4. Lorsqu'il statue sur un recours dirigé contre une décision rejetant une demande de remise gracieuse d'un indu de revenu de solidarité active, il appartient au juge administratif, eu égard tant à la finalité de son intervention qu'à sa qualité de juge de plein contentieux, non de se prononcer sur les éventuels vices propres de la décision attaquée, mais d'examiner si une remise gracieuse totale ou partielle est justifiée et de se prononcer lui-même sur la demande en recherchant si, au regard des circonstances de fait dont il est justifié par l'une et l'autre parties à la date de sa propre décision, la situation de précarité du débiteur et sa bonne foi justifient que lui soit accordée une remise. Pour l'examen de ces deux conditions, le juge est ainsi conduit à substituer sa propre appréciation à celle de l'administration. Lorsque l'indu résulte de ce que l'allocataire a omis de déclarer certaines de ses ressources, il y a lieu, pour apprécier la condition de bonne foi de l'intéressé, hors les hypothèses où les omissions déclaratives révèlent une volonté manifeste de dissimulation ou, à l'inverse, portent sur des ressources dépourvues d'incidence sur le droit de l'intéressé aux allocations ou à leur montant, de tenir compte de la nature des ressources ainsi omises, de l'information reçue et de la présentation du formulaire de déclaration des ressources, du caractère réitéré ou non de l'omission, des justifications données par l'intéressé ainsi que de toute autre circonstance de nature à établir que l'allocataire pouvait de bonne foi ignorer qu'il était tenu de déclarer les ressources omises. A cet égard, si l'allocataire a pu légitimement, notamment eu égard à la nature du revenu en cause et de l'information reçue, ignorer qu'il était tenu de déclarer les ressources omises, la réitération de l'omission ne saurait alors suffire à caractériser une fausse déclaration.
5. Mme D se prévaut de sa bonne foi en indiquant que l'aide financière apportée par son fils faisait suite à une situation de précarité résultant d'un incendie survenu dans son habitation en décembre 2017 ayant provoqué une dégradation de la santé de son mari engendrant des frais supplémentaires que ne pouvait couvrir le RSA. Il résulte de l'instruction, notamment du rapport d'enquête de l'agent assermenté de la caisse d'allocations familiales, qu'elle a réalisé sa déclaration de RSA en ligne et que M. et Mme D n'ont reçu aucune information sur le RSA, concernant notamment la nature des revenus non cumulables Dans ces conditions, la requérante doit être regardée comme étant de bonne foi. Par ailleurs, il n'est pas contesté qu'elle ne dispose à l'heure actuelle d'aucun revenu alors même que son mari est décédé suite à un cancer. Par suite, dans les circonstances de l'espèce, Mme D est fondée à demander l'annulation de la décision du 4 janvier 2021.
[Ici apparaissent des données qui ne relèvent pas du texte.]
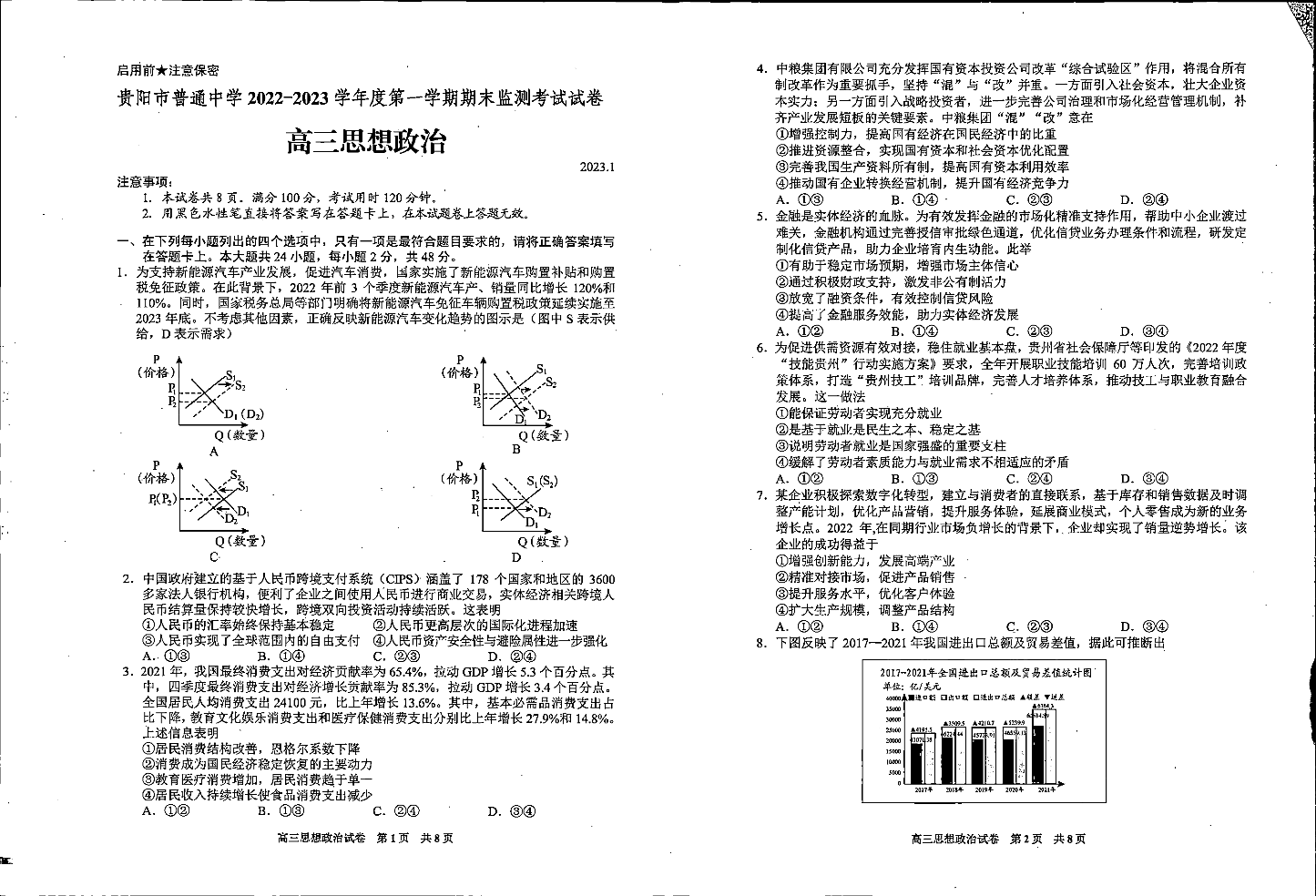 高三政治--贵州省贵阳市普通中学2022-2023学年高三上学期期末监测考试

6. Enfin, compte tenu de sa situation de précarité financière, il sera fait une juste appréciation de sa situation en accordant à Mme D la remise totale de sa dette de 15 346,92 euros au titre de l'allocation de revenu de solidarité active.
DECIDE:
Article 1er : La décision du 4 janvier 2021 du président du conseil exécutif de Corse est annulée.
Article 2 : Il est accordé à Mme D la remise totale de sa dette de 15 346,92 euros.
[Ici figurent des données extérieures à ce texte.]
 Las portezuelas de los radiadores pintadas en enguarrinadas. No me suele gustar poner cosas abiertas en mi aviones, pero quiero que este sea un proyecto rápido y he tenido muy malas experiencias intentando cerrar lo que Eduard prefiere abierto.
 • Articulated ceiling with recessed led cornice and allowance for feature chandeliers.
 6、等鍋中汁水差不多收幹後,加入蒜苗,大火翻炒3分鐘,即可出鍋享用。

Article 3 : Le présent jugement sera notifié à Mme A D et à la collectivité de Corse.
Copie sera adressée à la caisse d'allocations familiales de la Haute-Corse.
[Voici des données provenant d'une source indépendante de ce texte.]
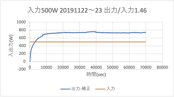 グラフ1:当社実験結果、測定例1で19時間にわたり1.46倍の過剰熱を安定的に発生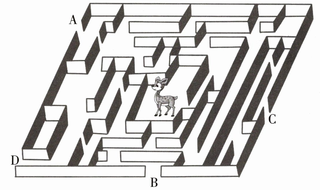 小鹿在迷宫中迷了路走不出来了,请你进入迷宫找到它。A、B、C、D四个入口中,从哪一个入口走入迷宫,才能找到小鹿?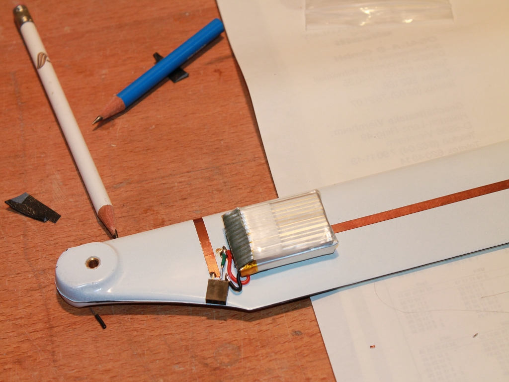 Probleme gab es nach der Fertigung beim Wuchten. Ich denke ein Akku ist dicker (schwerer) wie der andere Akku deshalb erforderte es etwas Tesa und ein längeren Schrumpfschlauch um die Blätter zumindest gleichschwer zu haben.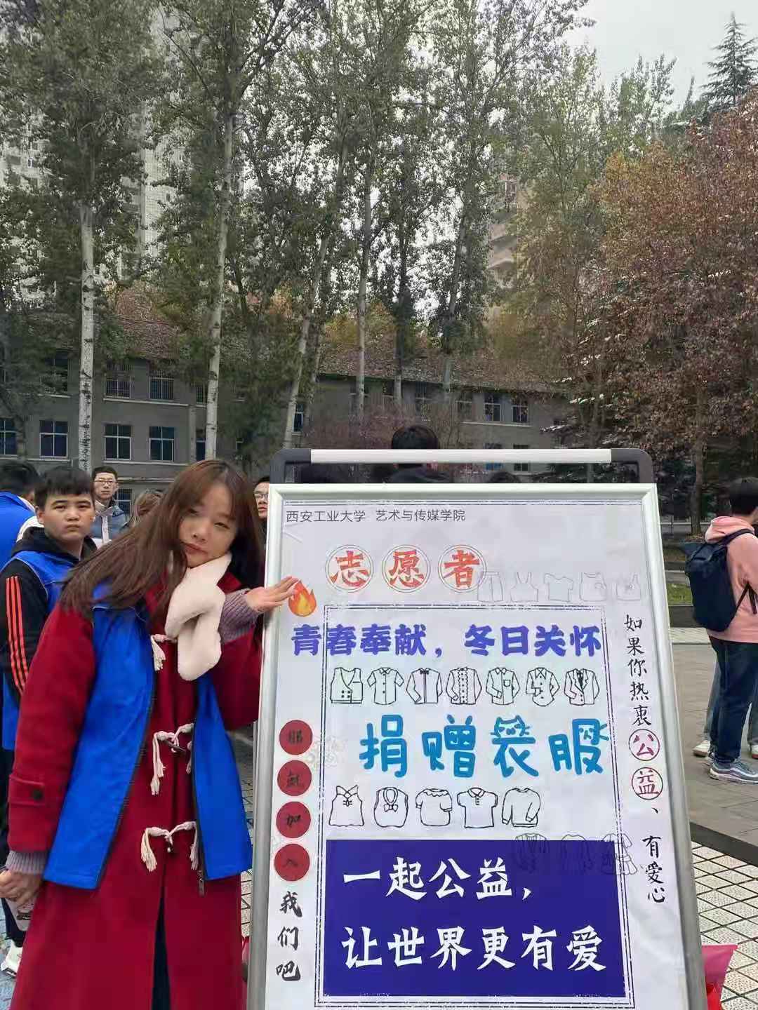 为培养学生的爱心公益意识,弘扬中华民族优良传统,增强学生们参与社会、关心社会的责任感。我们于2020年11月27日至30日在金花校区喷泉广场开展了“青春奉献 冬日关怀”暖冬捐衣活动,此次活动由院阳光蒲公英志愿者协会主办。

Rendu public par mise à disposition au greffe le 30 juin 2022.
Le magistrat désigné,
signé
P. CLa greffière,
signé
H. MANNONI
La République mande et ordonne au préfet de Corse, préfet de la Corse-du-Sud, en ce qui le concerne et à tous huissiers de justice à ce requis, en ce qui concerne les voies de droit commun contre les parties privées, de pourvoir à l'exécution du présent jugement.